Remember Vicki Iseman, the lovely, blonde lobbyist who spent all that time back in 1999 with Senator John McCain? She settled earlier today with the New York Times, which did not retract the Feb 28, 2008 article outlining her relationship to McCain. Although she sued for $27 million, she got no money, either:
On Thursday, the two sides released a joint statement saying: "To resolve the lawsuit, Ms. Iseman has accepted The Times’s explanation, which will appear in a Note to Readers to be published in the newspaper on Feb. 20, that the article did not state, and The Times did not intend to conclude, that Ms. Iseman had engaged in a romantic affair with Senator McCain or an unethical relationship on behalf of her clients in breach of the public trust."
She got the Times to say that it never intended people to think she had an affair with McCain.
Whew, that's a relief!
You got to wonder, did McCain want Iseman to file the lawsuit in order to maintain proprieties for his 2010 Senate campaign? Is this something the Beer Princess wanted?
Anyway, the Times agreed (as part of the settlement) to publish her lawyer's views on the lawsuit, including a quote from "Othello":
Words have extraordinary power to wreak havoc on the life of a human being. Shakespeare, writing in Othello that "Good name in man and woman, dear my lord, Is the immediate jewel of their souls" marked this essential link between our reputation and our humanity....
Ms. Iseman, however, is not a government or public official, and in our view, not even a public figure. Had this case proceeded to trial, the judicial determination of whether she is entitled to the protections afforded a private citizen would have been the subject of a ferocious, pivotal battle, with Ms. Iseman insisting on her status as a private person and The New York Times asserting that she had entered the public arena, and was therefore fair game. That judicial contest has now been concluded in this instance, but the issue deserves ongoing scrutiny, certainly in our schools of law and journalism, but also in the arena of public debate.
Sometimes it's better not to file suit, I'm thinking.
Remember how the article said that Iseman joined him on private jets, and that multiple aides tried to intervene to "save McCain from himself?" That all stands.
Anyway, Iseman still doesn't think she was a public figure, and she didn't have an affair with McCain — not that the Times ever said so!
Now that she's preserved her good name, she can get back to her lobbying.
Bless her jewel of a soul!
UPDATE (2/20): bmaz follows up at firedoglake.com, quoting Bill Keller's rather acidic published statement in today's edition:
What the article set out to do, and did, was to establish that Senator McCain -- a man whose career was ensnared by scandal and then rebuilt on a reputation for avoiding even the appearance of impropriety -- was sometimes careless of that reputation.
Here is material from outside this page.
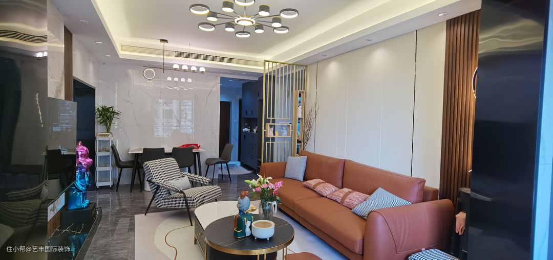 1、一家4口居住,3个房间都保留,物业允许加建了一个卫生间。空间不大,但是整体很温馨! 2、现代轻奢风格,业主是一对年轻的夫妇带2个小孩居住!

The story reported that a senator who cast himself as the scourge of lobbyists rode on the private jets of business executives with interests before his committee, and that a senator who disdained the influence of corporate money accepted corporate money to support that very cause.
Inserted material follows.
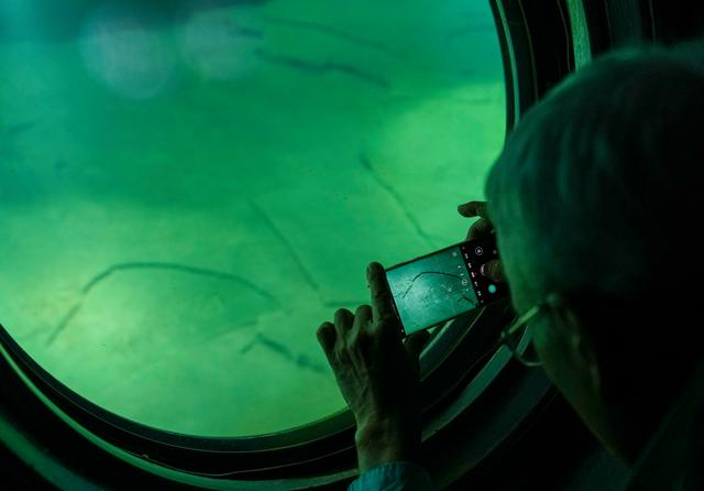 10月13日,游客在重庆涪陵白鹤梁水下博物馆的水下参观廊道内通过观景窗拍摄保护罩内的白鹤梁题刻。新华社记者 刘潺 摄

The article also reported, in that regard, that the senator's behavior toward Ms. Iseman convinced some of his aides that his relationship with the lobbyist had become romantic; that the aides warned the senator this could endanger his reputation; and that they set out to limit Ms. Iseman's access to the senator. Our reporting was accurate.
And this little note of the surreal: the Los Angeles Times published an internal memo circulated by Dean Baquet (former editor of the LA Times) to his current employees in the Washington Bureau of the New York Times.